Rapid reformer

An interview with Eliot Spitzer, New York state attorney general

By Dick Carozza

Eliot Spitzer targets fraud on Wall Street, in the mutual-fund business, and in the insurance industry. He says he wants the marketplace to work more efficiently, honestly, and fairly. Spitzer's methods offer lessons for fraud examiners.  

Some have called him a "champion of the people" who fights for the little guy ignored by big business. others say he's an ambitious polititician whose attacks on u.s. companies cause unneeded instability. Regardless, New York state attorney general Eliot Spitzer's investigations into alleged improprieties and fraud on Wall Street, in the mutual-fund business, and, most recently, in the insurance industry, have had impressive and speedy results.

In 2003, 10 Wall Street securities firms paid a $1.4 billion settlement after Spitzer's allegations that they and others had distributed misleading stock research to investors.

In an ongoing mutual fund investigation, Spitzer has negotiated scores of financial settlements with companies that he said have potentially cost mutual fund shareholders billions of dollars annually.

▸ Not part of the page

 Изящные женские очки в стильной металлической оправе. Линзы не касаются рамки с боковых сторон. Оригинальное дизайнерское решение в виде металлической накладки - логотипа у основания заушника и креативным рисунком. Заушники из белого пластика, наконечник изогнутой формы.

When first announcing evidence of widespread illegal trading schemes in September of 2003, Spitzer said that the "mutual fund industry operates on a double standard. Certain companies and individuals have been given the opportunity to manipulate the system. They make illegal after-hours trades and improperly exploit market swings in ways that harm ordinary long-term investors." The investigation focuses on practices known as "late trading" and "market timing." (See sidebar on page 39.)

And then on October 14 of last year, Spitzer sued the nation's leading insurance commercial brokerage firm, Marsh & McLennan Companies, alleging that it steered unsuspecting clients to insurers with whom it had lucrative payoff agreements and that it solicited rigged bids for insurance contracts.

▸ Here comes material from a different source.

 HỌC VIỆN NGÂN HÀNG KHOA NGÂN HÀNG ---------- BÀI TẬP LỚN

At the time, Spitzer said that "the insurance industry needs to take a long, hard look at itself. If the practices identified in our suit are as widespread as they appear to be, then the industry's fundamental business model needs major corrective action and reform."

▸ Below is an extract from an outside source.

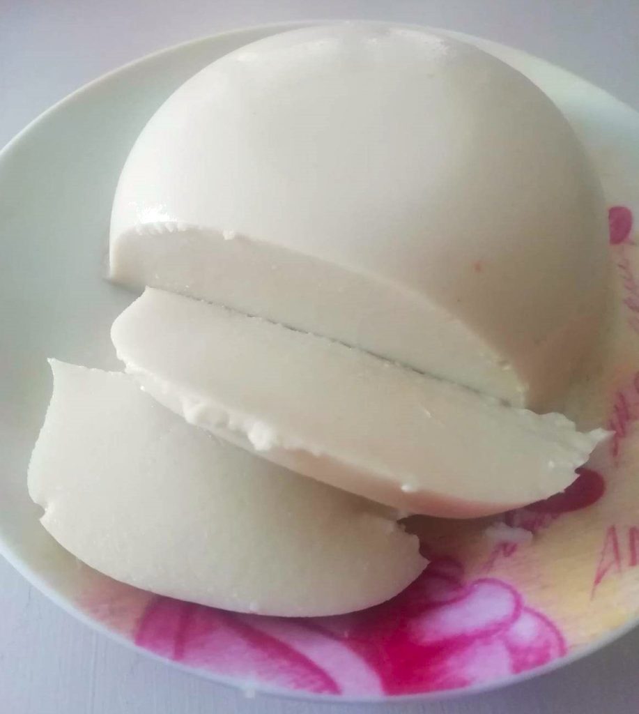 Après le temps de refroidissement, vous pouvez démouler et retourner la mozzarella sur une assiette. Elle se conserve au réfrigérateur pendant quelques jours, et utilisez-la où vous le souhaitez, elle est excellente sur la pizza, vous pouvez la trancher ou la râper.

The civil complaint alleged that Marsh received special payments from insurance companies that were above and beyond normal sales commissions. These payments - known as "contingent commissions" - were characterized as compensation for "market services." Insurance industry representatives, according to the N.Y. attorney general's office, defended this long-standing practice as acceptable and even beneficial to clients.

But the civil complaint said that in addition to steering business to its insurance company partners, Marsh, at times, solicited fake bids, which deceived its customers into thinking that true competition had taken place. Marsh did this even as it claimed in public statements that its "guiding principle" was to always consider its client's best interests.

According to the complaint, Marsh collected approximately $800 million in contingent commissions in 2003. Spitzer's civil complaint seeks an end to steering and bid rigging, disgorgement of improper payments, restitution, and punitive damages.

About 10 days after Spitzer's suit against Marsh, its chairman and chief executive resigned. On November 18, five of Marsh's executive board members stepped down. At that point, the company took a 40 percent drop in the stock market and began laying off 3,000 employees.